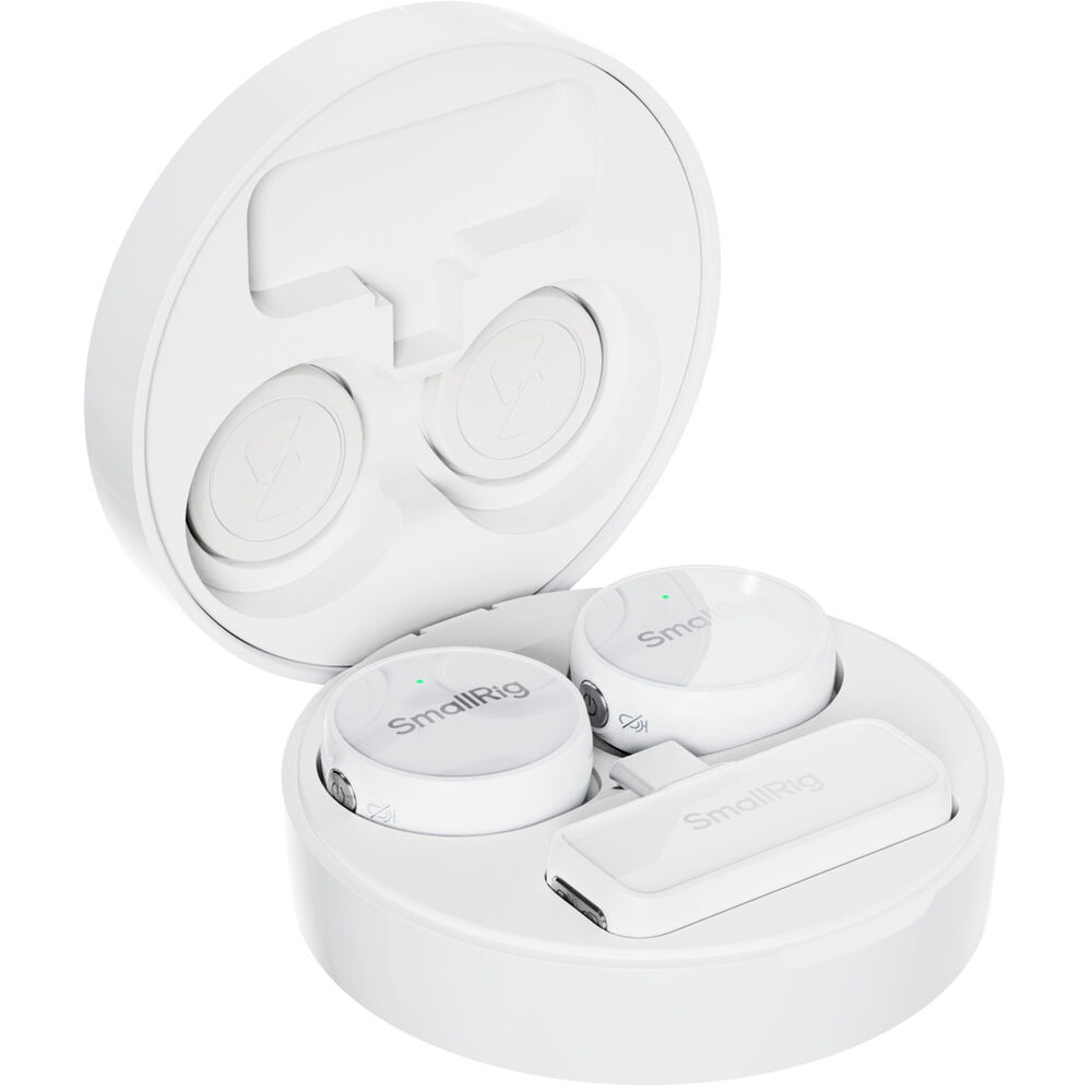 Grave vlogs ou entrevistas com duas pessoas usando o sistema de microfone sem fio SmallRig S 60 para duas pessoas em seu dispositivo Android ou iOS compatível . O sistema inclui dois transmissores de lapela com microfones embutidos e um receptor plug-in de dois canais com conector USB-C, que se conecta ao seu dispositivo móvel compatível. Fixe os transmissores ao seu talento usando os clipes magnéticos traseiros, as almofadas adesivas e a alça de pescoço adesiva.
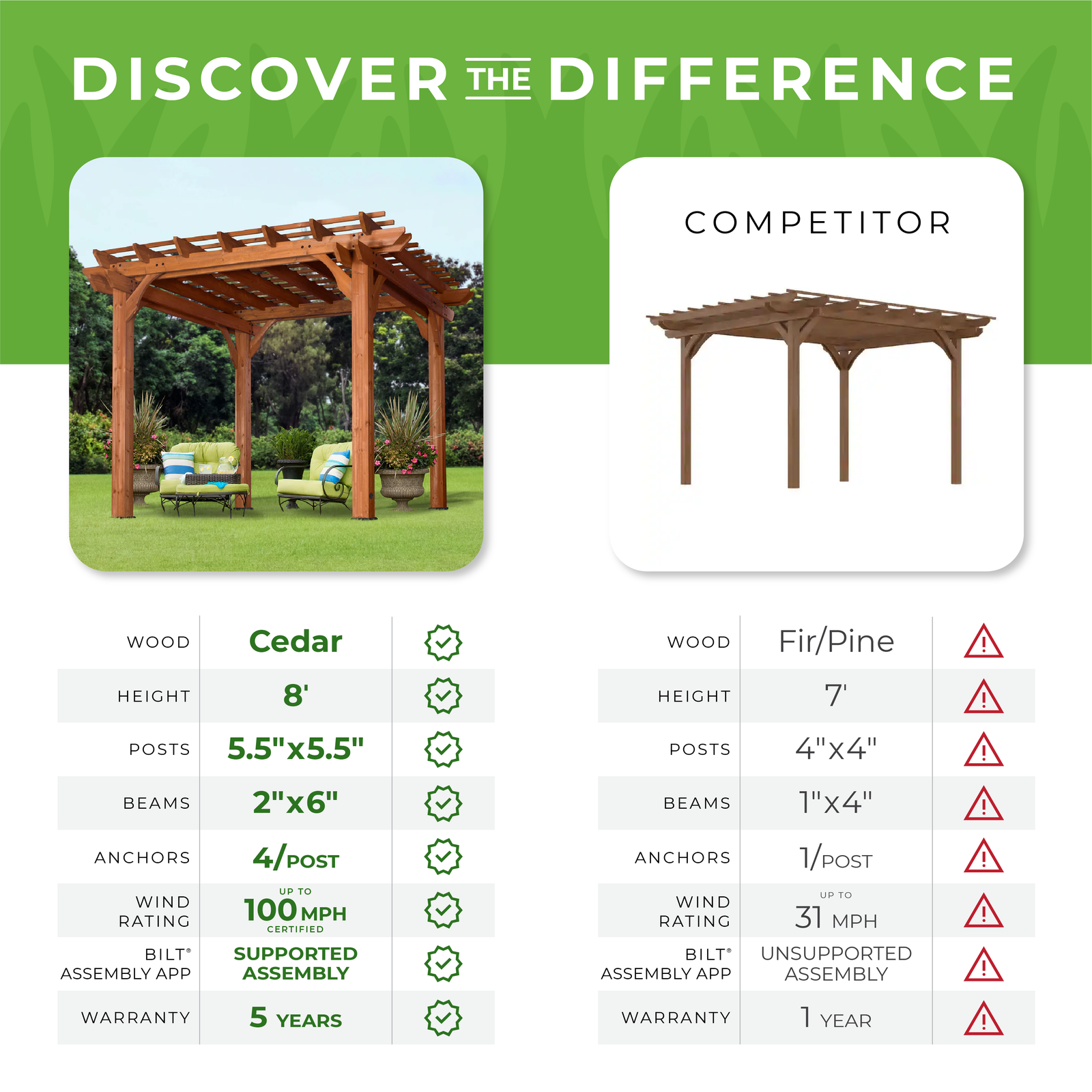 Our sturdy 10×10 pergola is a marvel of solid construction and timeless beauty. Every inch has been meticulously crafted from 100% cedar, guaranteeing you an edifice of enduring strength and elegance.
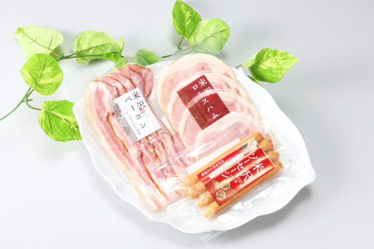 米沢ロースハム90g、米沢ベーコン100g、米沢牛入りソーセージ120g
================================
WORK TO COMPLETE:
Write out every line above again exactly, with the pictures left out.

ANSWER SPACE:
 Grave vlogs ou entrevistas com duas pessoas usando o sistema de microfone sem fio SmallRig S 60 para duas pessoas em seu dispositivo Android ou iOS compatível . O sistema inclui dois transmissores de lapela com microfones embutidos e um receptor plug-in de dois canais com conector USB-C, que se conecta ao seu dispositivo móvel compatível. Fixe os transmissores ao seu talento usando os clipes magnéticos traseiros, as almofadas adesivas e a alça de pescoço adesiva.
 Our sturdy 10×10 pergola is a marvel of solid construction and timeless beauty. Every inch has been meticulously crafted from 100% cedar, guaranteeing you an edifice of enduring strength and elegance.
 米沢ロースハム90g、米沢ベーコン100g、米沢牛入りソーセージ120g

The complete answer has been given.